Generator Expressions in Python: An Introduction - dbader
https://dbader.org/blog/python-generator-expressions#.
======
oldandtired
I find it interesting that languages, which copied the generator concept from
icon, have not gone the full process and copied the success/fail concepts as
well.

The two concepts (as well as co-expressions) go so well together and make many
of the aspects of code writing simpler and easier to both read and write.

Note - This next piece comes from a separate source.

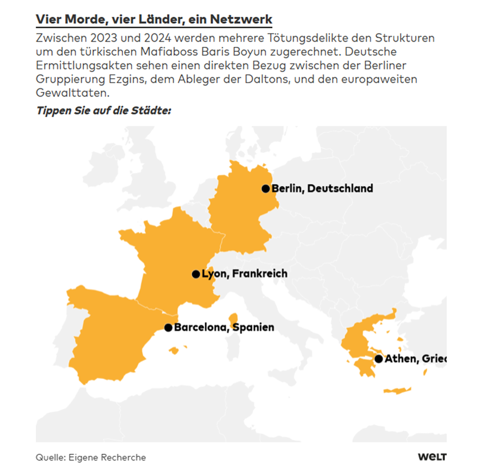 Podle vyšetřovatelů stojí za eskalací násilí turecká mafiánská skupina zvaná Daltons, napojená na nechvalně známého bosse Barise Boyuna, který je obviněn z vražd v Evropě. Berlín se tak během několika měsíců stal bojištěm jejich evropské pobočky.

I use unicon as my go to language today. Even though it misses some language
features that I would like to see incorporated, it handles my day to day
programming needs. Since unicon is built upon icon, I can say that I have been
using icon since 1986.

In the case of Python,I find the incorporation of generators a klunky addition
to the language. It's nice to have but they didn't go far enough. But then
again, I do suppose it would have changed the entire nature of Python to have
incorporated success/failure into the language in the manner of icon/unicon.

------
timonoko
I think I finally know what is wrong with this crap and Common Lisp loop-
macro: The "X for Y in Z" is comprehensible only to native English speaker.
Try "X für Y im Z" or "X för Y i Z".

In other worlds, most other languages not have "I am red for (sitting in) the
sun"-type construct. One has to read it 3 times, because it is not "because",
but some kind of post-fix adjective notation.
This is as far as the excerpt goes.